Monday, June 18, 2012

ARE YOU CRAZY??!!!

On Friday I got a very interesting phone call from my sweet sister-in-law Brooke.  She challenged me to run a 1/2 marathon with her and her two brothers.  All of which are my husband's siblings.  My first and immediate response was(and I'm not kidding or exaggerating)  " HELL NO!! ".  Never in my whole adult, or adolescent life for that matter have I ever had a desire to run more then a 10k.  I did that a few years ago and it was tough.  Grant it, I ran it without much training, but I did it and it was rewarding.  I stopped running after that.  After that experience it boggled my mind how other people could even entertain the idea of running 13 miles.  My Mom was with me when I got the phone and was disgusted with prospect.  After talking with Brooke some more I asked if I could think about it.  She sent me a link to a training program and while looking at it I felt like this was something I should do.  I don't think it's coincidence that Brooke's call came the day after my fast.  I truly believe that this is something the Lord has thrown in my path on this journey to a healthier me.  I truly believe this will help me become that person I have visualized for the past year.  As I've told people about my new and outrageous goal, the only disappointing response came from my sister.  I was sadden by her lack of support but realized something very important; I'm not doing this for her, or for my Mom.  I'm not doing it for anyone else but me.  And really, it's not about the marathon.  It's about a lifestyle change and the training that it takes to get to the half marathon.
My friend Rich is a trainer and has trained for sprint tris, 1/2 marathons, and iron mans.  He told me that this is something I can do. He suggested that I heart rate train.  Which means I subtract my age from 180.  He also suggested that I use the run-walk-run method, which made a lot of sense to me.  This morning I strapped on a heart rate monitor and went out for my first day of training.  Let me tell you, it felt amazing.  This heart rate training is just what I need.  The goal is to keep my heart rate at 144.  Of course it goes a little high when I run, and that's when I slow to a walk until is goes just below 144 and then I begin to run again.  I went for 3.25 miles and it felt awesome.  I could have gone longer.  But hey, I still don't know what the heck I'm doing.  Again, I'm excited about the training.  I am excited to take back my life and change the way I live permanently.
Rich also told me it is possible to lose weight while training.  Of course, that is a huge hope of mine.  But losing weight comes with proper nutrition.  For me, I want my staples to be vegetables, fruits and whole grains with a little bit of protein.  This is going to be the more difficult part of my change.  But it something that I want badly and it will come.  I need to remember to eat those things that will help me feel light on my feet and good inside.  I know that vegetables are KEY for me.  I know green smoothies will help a ton and eating a lot of green salads.  I'm hoping to share my recipes with you here.
Today was not a super good eating day, but it wasn't horrible either.  I began my day with this Smoothy.

1cup kale
1/3 english cucumber
1 medium carrot- washed but unpeeled
1 orange
5 strawberries -leaves left on
1/2 mango
1/2 cup water
1 cup ice

I didn't add any agave this time, which would have made it taste better.  It was still refreshing and I enjoyed getting full off of a tall glass of cold green goo.

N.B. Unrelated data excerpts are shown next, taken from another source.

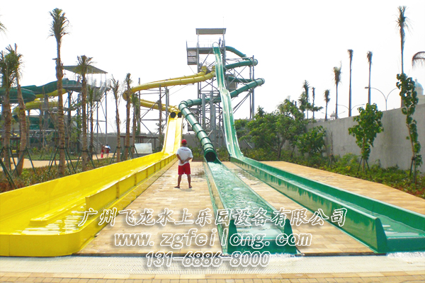 高速滑梯是高度最高、坡度最陡、速度最快、產(chǎn)生的尖叫聲最大的滑道。極速下降,徹底體驗自由落體的暢快,讓玩的人身體的每一個毛孔都充滿了瘋狂的難忘的緊張和刺激。下到底端后,巧妙的設計讓游客安穩(wěn)的在滑槽內(nèi)減速滑行,最終沖到終點區(qū)。刺激指達到五星,給游客和旁觀者都帶來刺激的感受,瘋狂的尖叫聲給整個水上樂園帶來了歡樂和刺激的氛圍,引起更多喜歡挑戰(zhàn)極限刺激的游客爭先體驗,是游客們玩完后談論和回憶的焦點話題。 高速滑梯也是水上樂園最經(jīng)典最不可缺少的水上樂園設備之一,另外還可以設計為變坡高速滑梯組合使用,讓游客在感受刺激中有不同飛馳體驗。
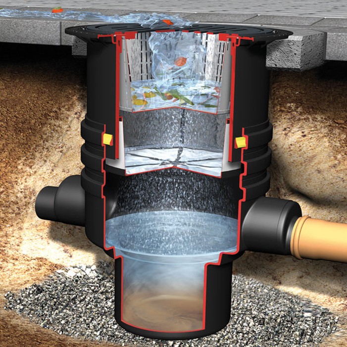 Filtruje wodę deszczową spływającą do rur ściekowych.
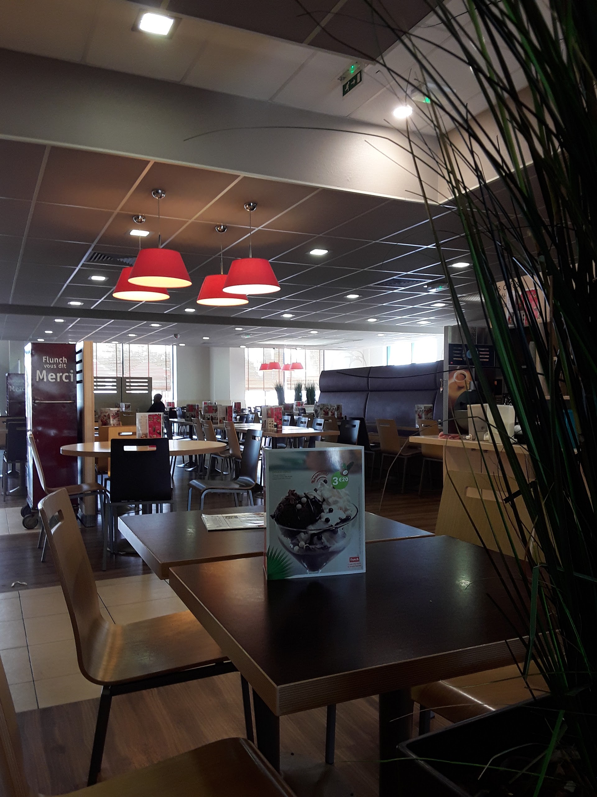 A fuire ,j'ai attendue plus de 20 min le repas de Monfils avec bien-sûr le mien qui refroidissait (obligé de le prendre mon bip arrêter pas de vibré) parce que personne pour les menu enfants et le mec au grill ne s'occupait pas de nous. Des l'arrivée rien d' expliquer sof les panneaux qui défilent a une vitesse ou en a même pas le temps de comprendre.on a fait une carte de fidélité même pas demander du coup pas eu les points et pas eu la réduction sur les éclairs du moment heureusement la salle été propre et belle mais je ne reviendrai plus ici
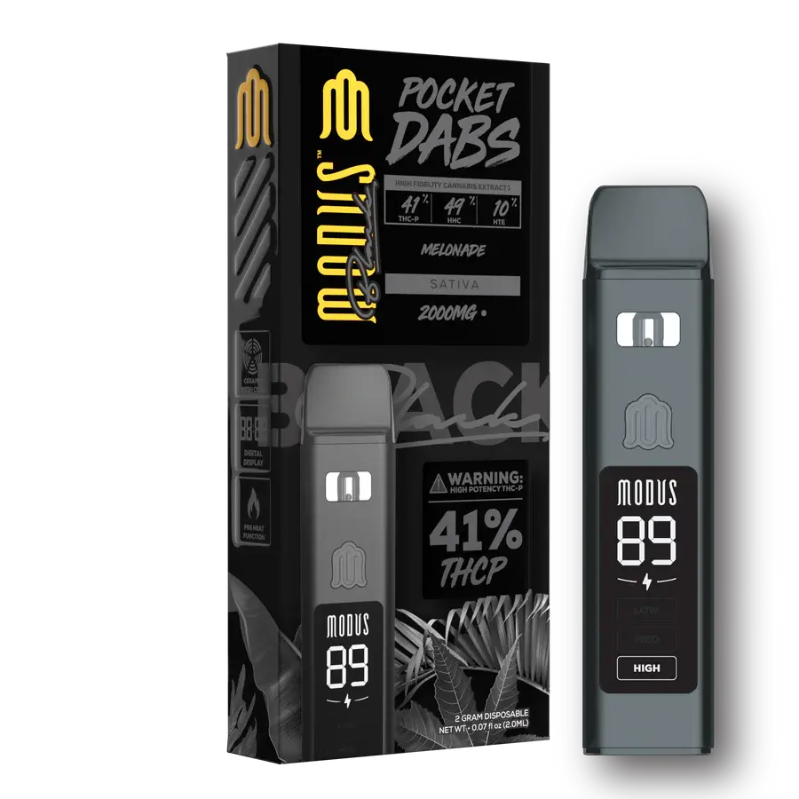 The Modus Black Pocket Dabs Vape is here, a compact powerhouse of premium concentrates for the seasoned enthusiast. This sleek and discrete disposable vape packs a potent punch with its premium blend of cannabinoids, including 41% THC-P.
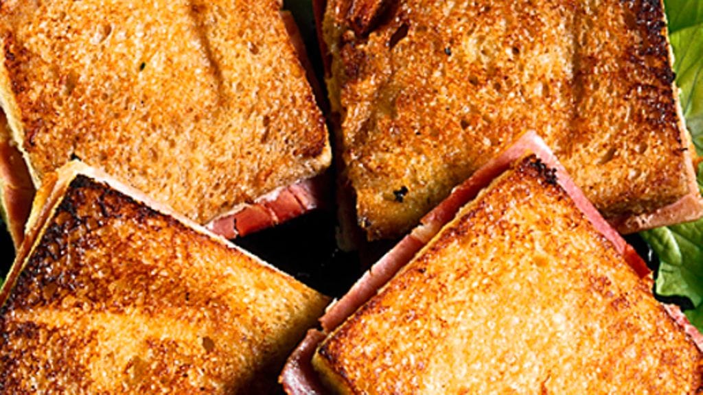 1. Voitele leivät kevyesti. Laita neljälle viipaleelle kinkkua, levitä päälle hieman sinappia ja peitä juustolla sekä lopuilla leivillä, voipuoli alaspäin.
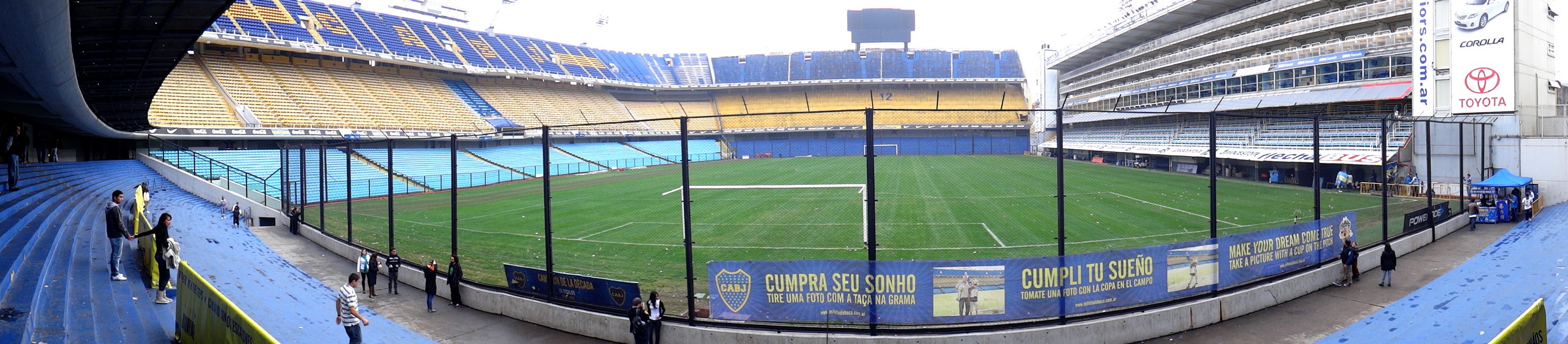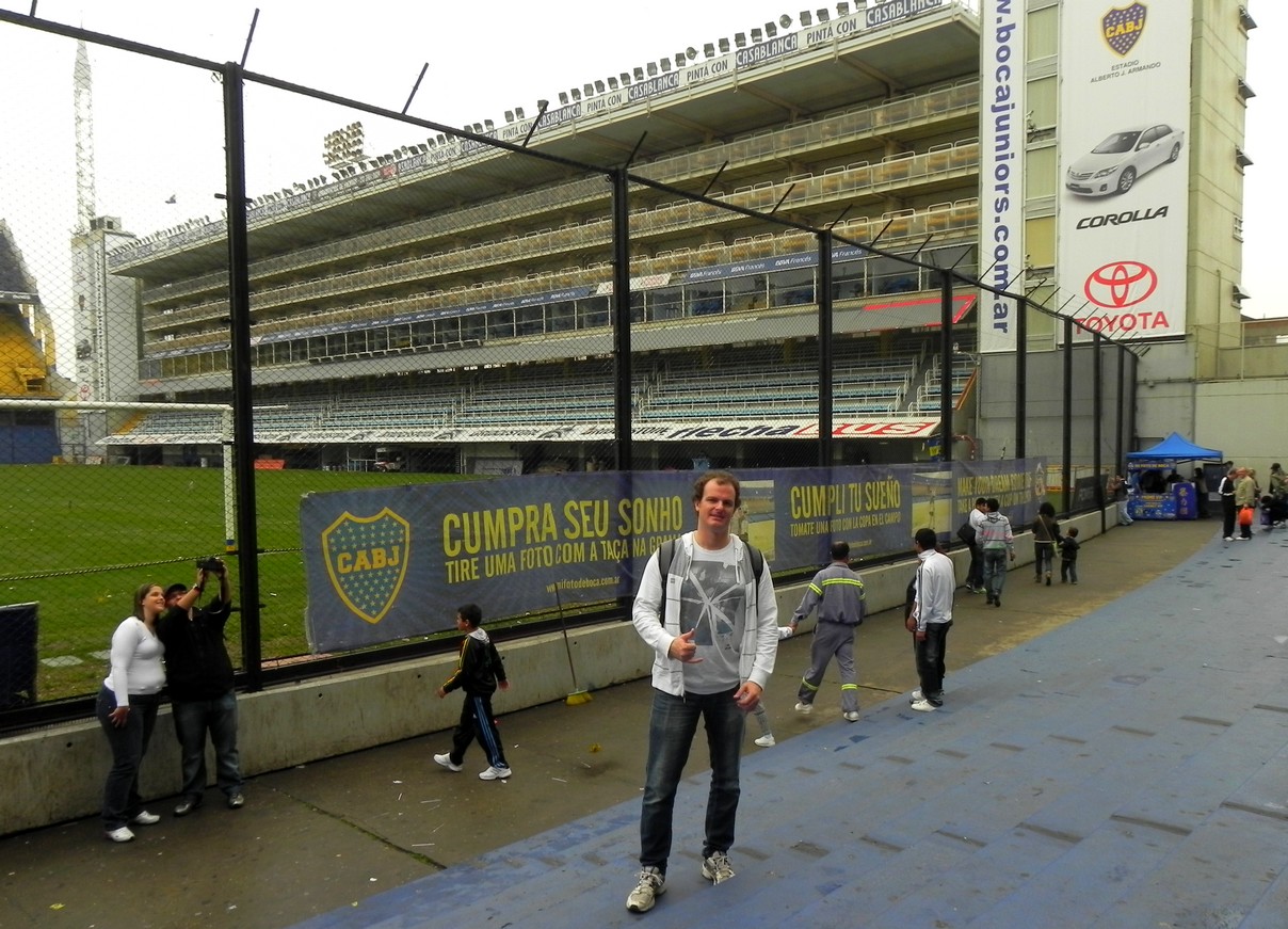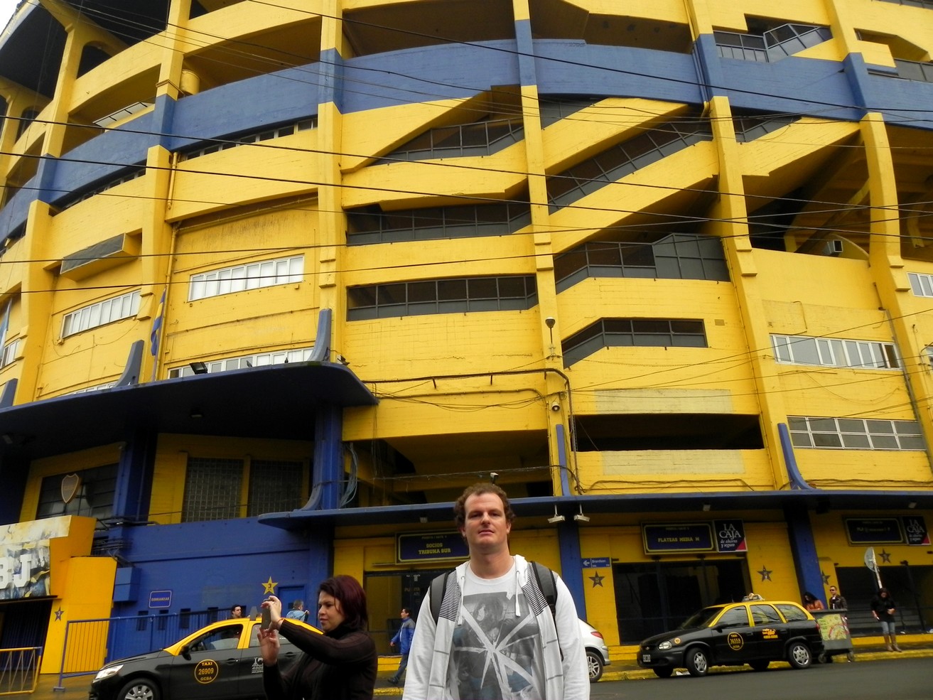 Caminhando mais algumas quadras do Caminito cheguei a mítica La Bombonera, o estádio do Boca Junior. Construído em 1940 o estádio é conhecido como La Bombonera devido ao seu formato semelhante a uma caixa de bombons. Com capacidade para 52 mil pessoas, é uma visita indispensável para quem gosta de futebol. A ideia original do engenheiro José Luis Delpini era erguer um estádio com o dobro da capacidade da que tem o atual. Mas a construção, que iria ultrapassar a Calle Dr. Enrique Del Valle Iberlucea, não foi aprovada pela prefeitura. A falta de espaço obrigou o projeto a crescer para cima: foram concebidos os três anéis de arquibancadas.
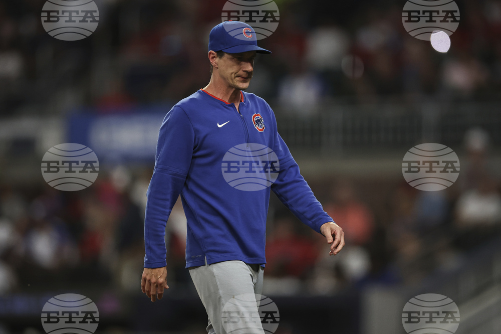 Chicago Cubs manager Craig Counsell walks back to the dugout after making a pitching change in the sixth inning of a baseball game against the Atlanta Braves, Wednesday, Sept. 10, 2025, in Atlanta. (AP Photo/Colin Hubbard)
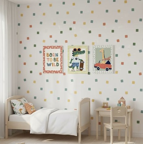 • Paredes oscuras (azul marino, verde oliva, gris intenso): Mejor con combos de fondos claros y tonos luminosos, como Estrellas o Flores
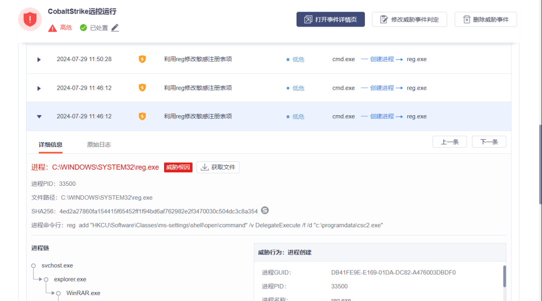 部分恶意行为如下图所示,攻击者通过修改注册表以实现持久化利用。
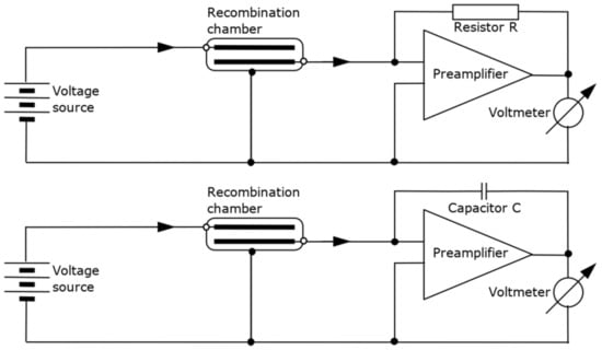 The realization of the measurement of the ionization current of the recombination chamber using an electrometer of the Keithley 6517B type [2] is possible based on two modes of operation of the device: current and charge (integrator) systems [23]. A DC amplifier, often an operational amplifier, is used to realize the input stage of the measuring system regardless of the mode of operation. The difference between the two cases is the use of a resistor or capacitor in the feedback loop of the operational amplifier. In the first case, the measured ionization current is proportional to the voltage at the output of the amplifier with a proportionality factor of the inverse of the value of the feedback loop resistor R. The time constant telling the stabilization of the system depends on the resistance R and the input capacitance of the system .
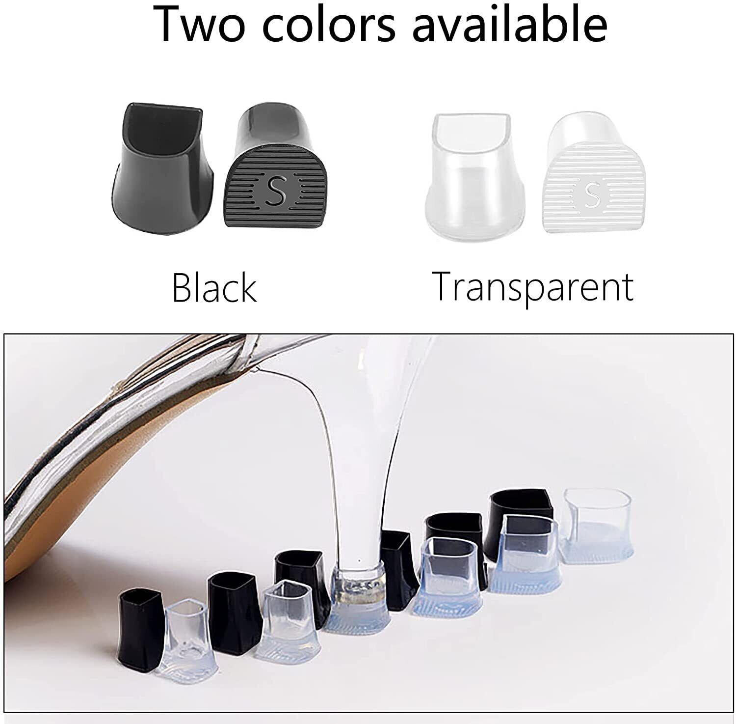 【2022最新】U字型 ヒールキャップ ヒールプロテクター 8足分セット 滑り止めシリコンソール アンチスクラッチヒール アンチノイズ ズ ダンス靴用 屋外パーティー、結婚式のイベント、ダンスに適しています 4サイズ XXS、XS、S、M( 黒&透明) | 無意味ステッカー
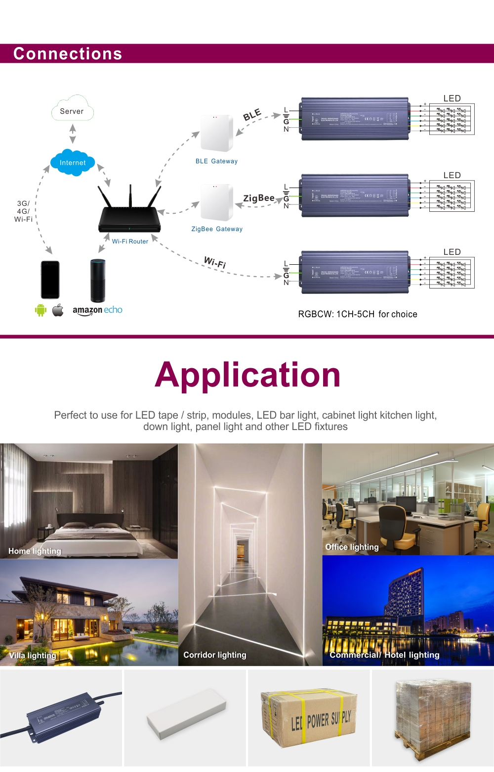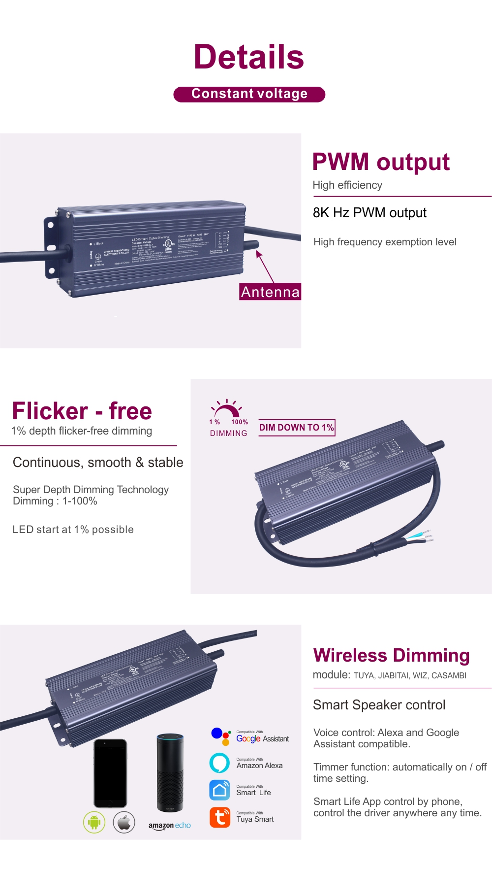 Malalim na isinama sa Tuya Smart ecosystem, ang Tuya Zigbee Wireless Dimming Constant Voltage 120W LED Driver na ito ay gumagamit ng pinakabagong Zigbee 3.0 communication protocol para sa seamless, two-way na komunikasyon.
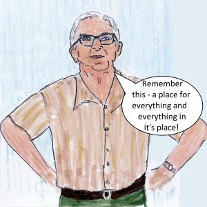When I was a kid, my daddy got fed up with having to replace things. He preached a principle — a place for everything and everything in its place. I must have heard him say it a thousand times because it stuck. I have to admit it’s better than buying a new pair of scissors every time you need to cut something.
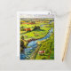 Acrylic fantasy painting of a peaceful countryside with grazing cows, a winding stream, green fields, and red-roofed barns under a clear sky. The bright colors and stylized composition evoke rural charm, pastoral serenity, and a timeless farming landscape. Ideal for home decor, nature-themed products, calendars, greeting cards, and editorial use.
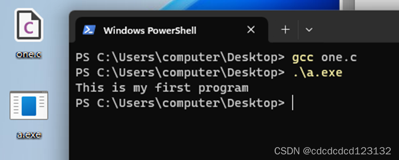 我们进到cmd中,使用 gcc one.c,我们的编译器会编译出来一个a.exe,我们在命令行中执行这个程序就执行了我们的第一个程序。
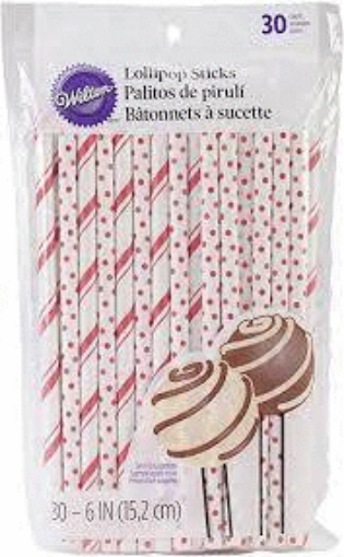 WILTON TREAT STICKS - RED/WHITE 6" 30S
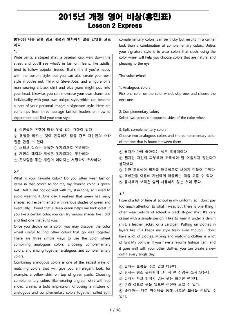더메이킹스(TheMakings)가 제작한 2015년 개정 영어 비상(홍민표) 2과의 지문입니다.
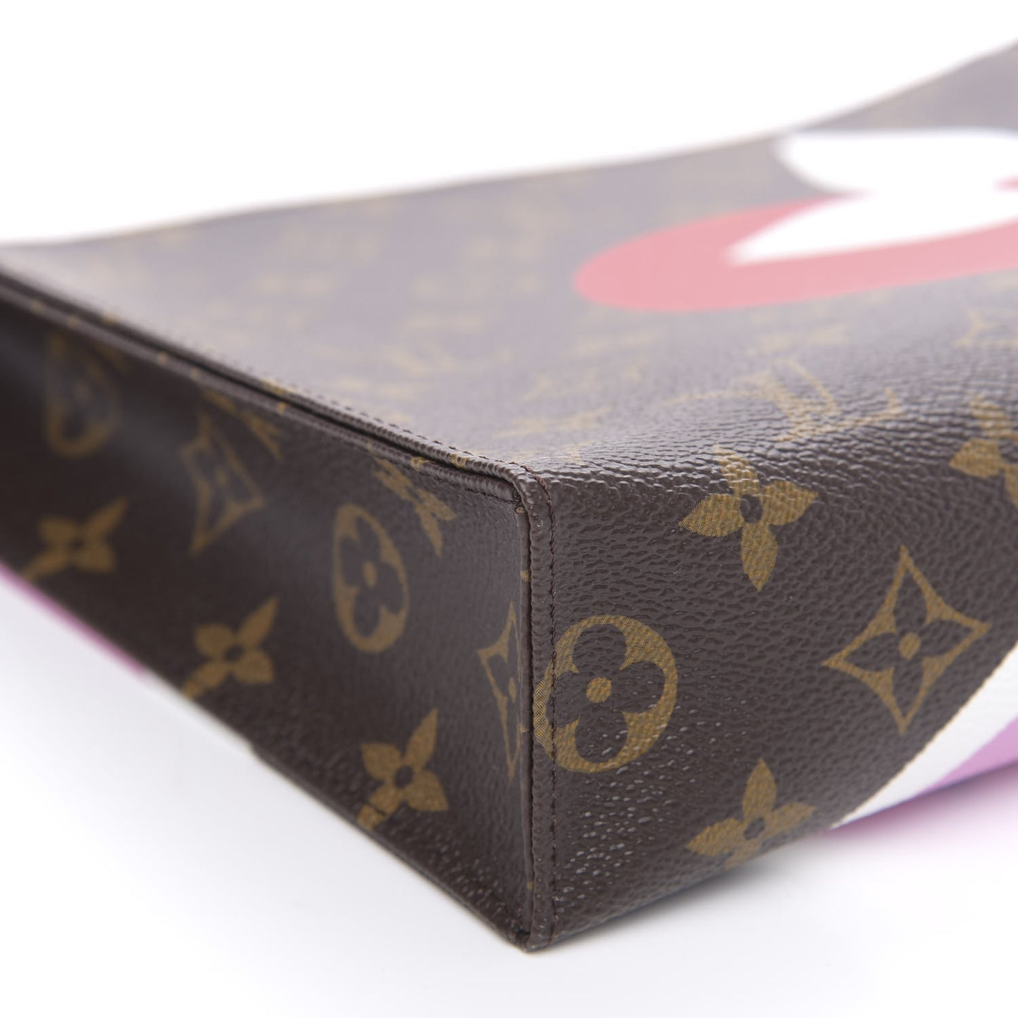This is an authentic LOUIS VUITTON Monogram Game On Toiletry Pouch 26. This handy travel accessory is crafted of traditional Louis Vuitton monogram toile canvas with heart prints. It features a top overextended zipper that opens to a spacious beige leather-like interior. This is an excellent pouch to store all of your small travel needs, from Louis Vuitton!
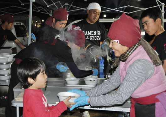 Hoặc tại thị trấn Mashiki, nơi đầu tiên phải hứng chịu trận động đất của tỉnh Kumamoto, một điểm phân phát mỳ Ramen miễn phí của công ty Shigemitsu Industry, đơn vị chủ quản thương hiệu nhà hàng Ajisen Ramen đã được lập ra. Chủ tịch công ty cho biết ông rất bất ngờ khi Kumamoto có ngày bị động đất, và ông "không thể ngồi im mà chẳng làm gì".
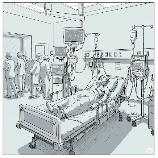 누군가의 목소리가 위에서 떨어졌다. 그 말은 설명이라기보다 선언에 가까웠다. 코로 들어온 투명한 튜브, 손가락을 집어 문 작은 기계. 그제야 알았다. 나는 이미 ‘환자’라는 이름으로 분류되고 있었다.

Another habit that I need to kick is eating out.  If I can just lose my desire for El Gallo Giro burritos, or Slab pizza, my life will get a whole lot easier.  But there are many natural man appetites that I have to over come.  Baby steps, I keep telling myself.  Baby steps.  And actually, eating out is probably one of the easier ones especially now that the kids are out of school and it's not so easy to pick up and go to lunch.  I need to take advantage of that.

So there it is.  I'm training to run a 1/2 marathon.  Hello talk about wanting to vomit with fear.  Despite my fear, I know it's do-able.  Wish me luck and if you have any happy thoughts or good advice please leave them.

Oh, and that's the reason for the name change back to Pounding the Pavement.  I'm back to pounding my way to a healthier me.